Pada akhir 1940-an, penelitian mulai mengaitkan tembakau dengan kanker paru-paru. Penemu seperti Jean U. Koree memimpin upaya menciptakan pengganti tembakau. Bahkan industri tembakau ikut melakukan riset alternatif demi menenangkan pelanggan, meski tetap menyatakan bahwa rokok aman.

Torigian memulai penelitiannya pada 1959. Setelah bertugas di Angkatan Laut AS dan meraih gelar farmakologi dari Universitas Columbia, ia bekerja di industri farmasi. Tantangan dari mentornya, Joseph Genovese, mendorongnya menciptakan rokok yang lebih aman.

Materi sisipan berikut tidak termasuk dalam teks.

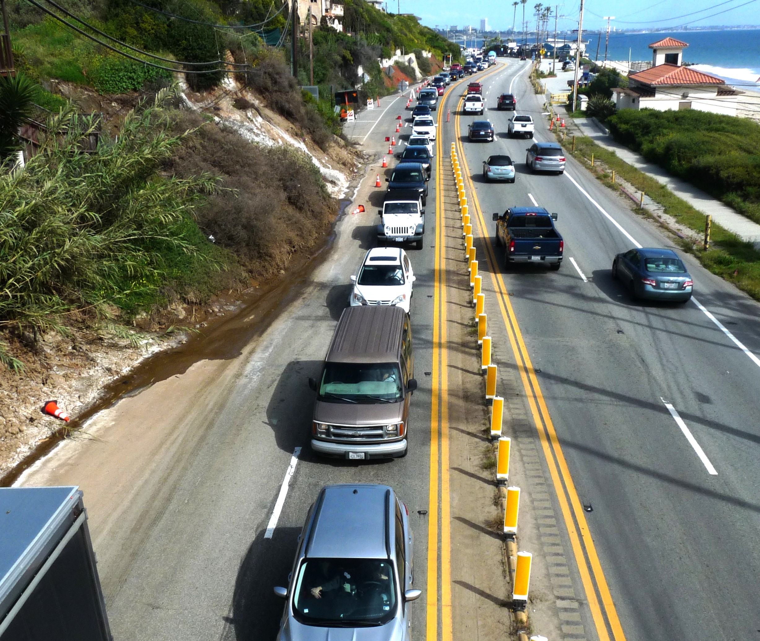 “The failed slope, which is owned by either the City or by private parties, as well as the resultant landslide debris is encroaching onto state right of way and adversely impacting the safe operation of PCH. Caltrans intends to clean up landslide debris to restore PCH to its original alignment, and to develop a long-term remediation plan to prevent any future slope failures that may impact PCH and public safety.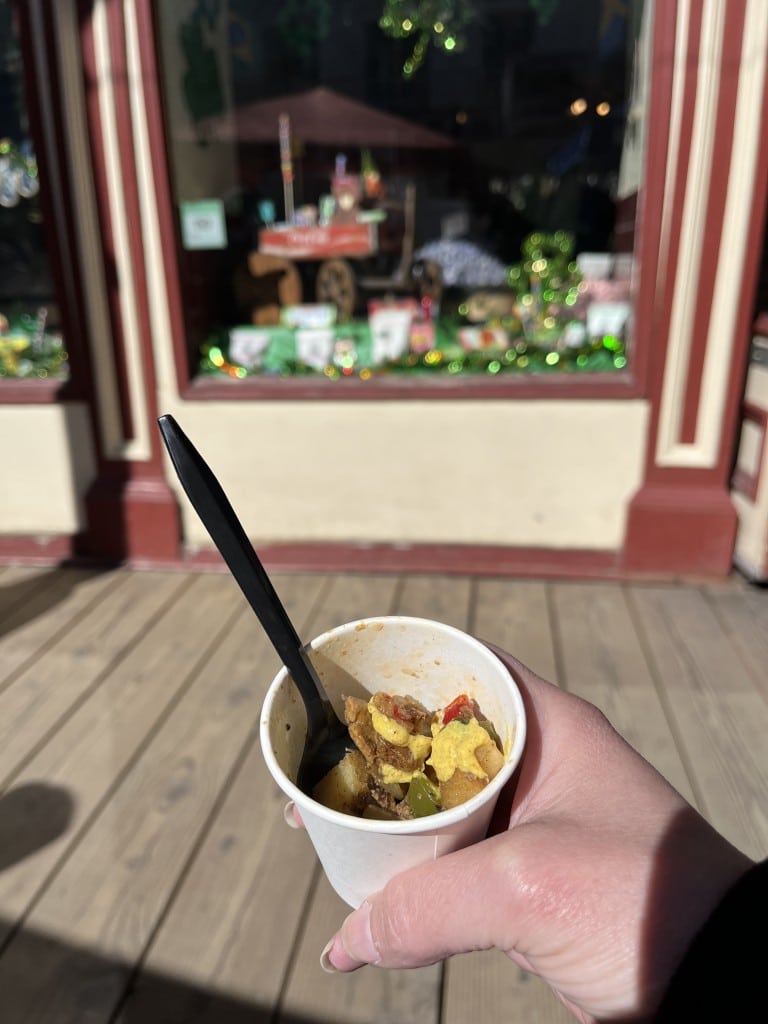 Dolls N Balls, #7- I like the flavors in this cup of ball hash, and very St. Patty’s Day inspired with the chunks of potatoes and bell peppers.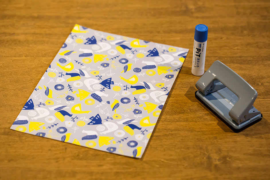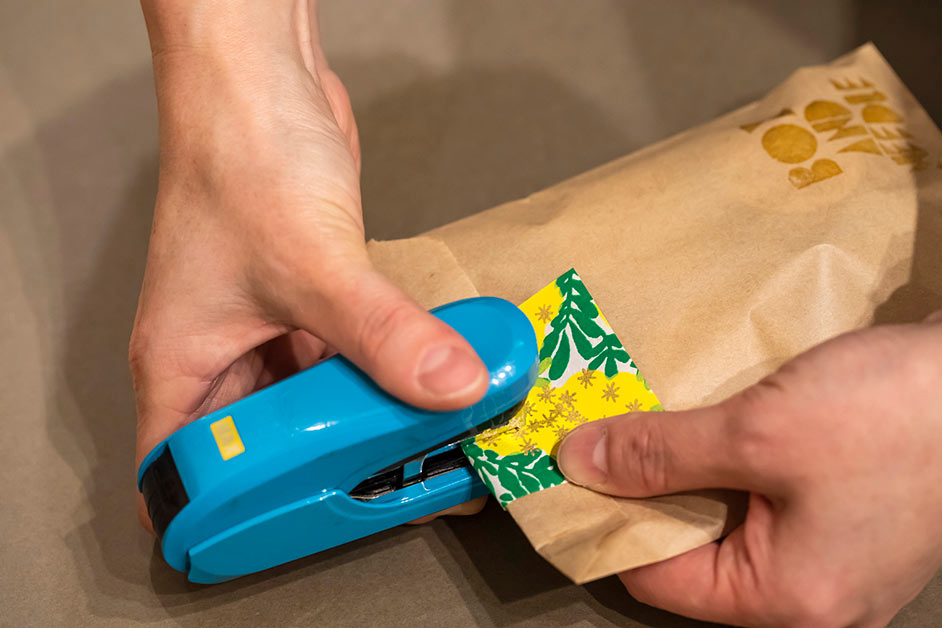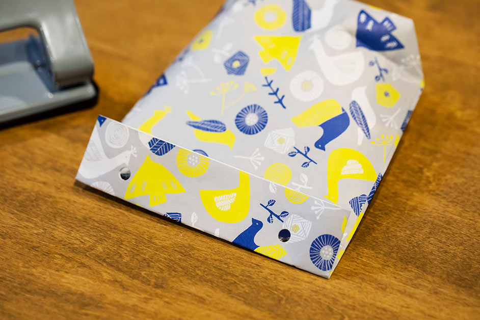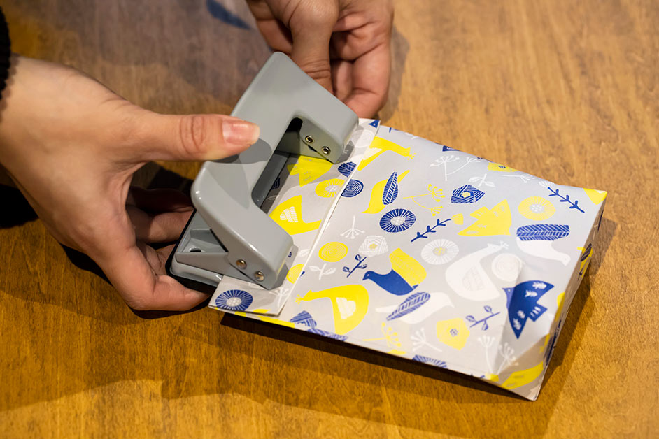 11)包みたいアイテムを袋に入れたら、袋の開き口を折り、パンチで穴を開ける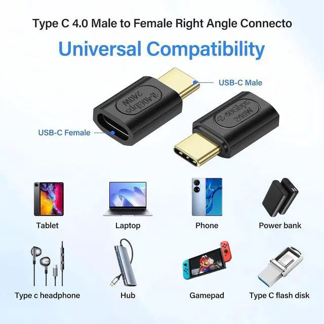 90°Right Angle AdapterPlug and play, small and portable, durable and will not interfere with plugs and operations. Ideal for use in small spaces or near walls. Effectively prevent wear and tear of the cables and input ports of devices. Can also be used as Type-C interface extension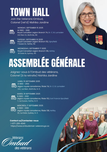 Upcoming Town Hall Meetings with your Veteran Ombud, Colonel (Ret'd) Nishika Jardine, in September in Nova Scotia!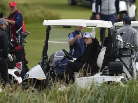 トランプ前大統領がスコットランドでゴルフを楽しむ中、EUとの関税交渉が進行中で緊迫感がない様子。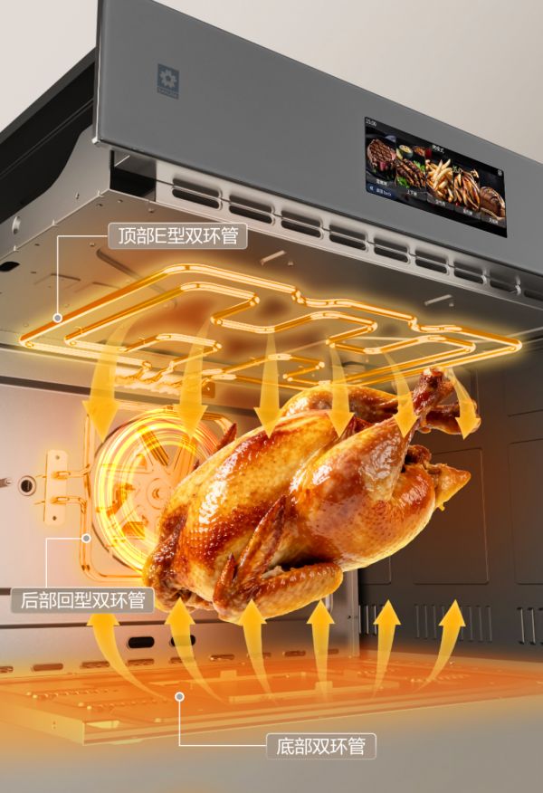烤制食物时,温度不均,极易影响食材口感。樱花蒸烤箱C5502A采用PID算法精准温控,可实时进行温度反馈,全腔热风循环及多维加热管的布局,让每一层食材都能均匀受热,让出炉的美味外酥里嫩,饭菜色香味俱全。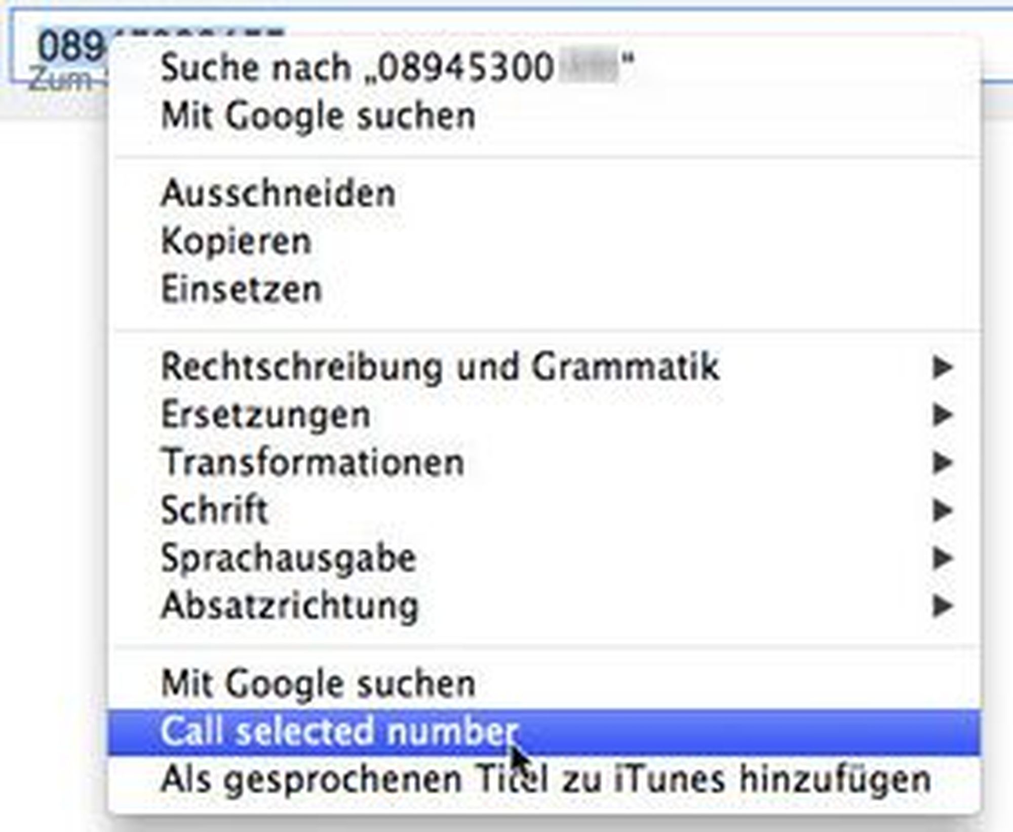 Über den Extras-Ordner erhalten Sie Zugriff auf das AppleScript "Nummer wählen/cw".

Awalnya, Torigian hanya ingin mengganti tembakau. Namun, ia menyadari bahwa semua tanaman yang dibakar tetap menghasilkan tar berbahaya. Ia pun merancang Bravo sebagai alat berhenti merokok, bukan sekadar alternatif.

Lihat Juga :  Bagaimana Bencana Tambora 1815 Memicu Revolusi Transportasi

Menurut istrinya, Joanne, Torigian yakin selada adalah bahan terbaik karena mirip tembakau dan menghasilkan sedikit zat berbahaya.

Ia menguji lebih dari 200 jenis tanaman, termasuk daun tomat, kubis, dan bahkan rhododendron. Sebagian besar hasilnya membuatnya mual.

Namun, ia menemukan bahwa selada paling mendekati karakteristik tembakau.

Pada 1960, ia mengajukan paten untuk memproses sayuran hijau menjadi bahan rokok.

Torigian dan para investornya membuka pabrik di Texas dan memproduksi puluhan ribu bungkus Bravo per bulan. Ia bahkan hadir dalam sidang Komite Perdagangan Senat pada 1967 untuk mempromosikan Bravo dan mengecam industri tembakau yang tidak bertindak menyelamatkan konsumen. Ia mendorong upaya besar-besaran melawan nikotin.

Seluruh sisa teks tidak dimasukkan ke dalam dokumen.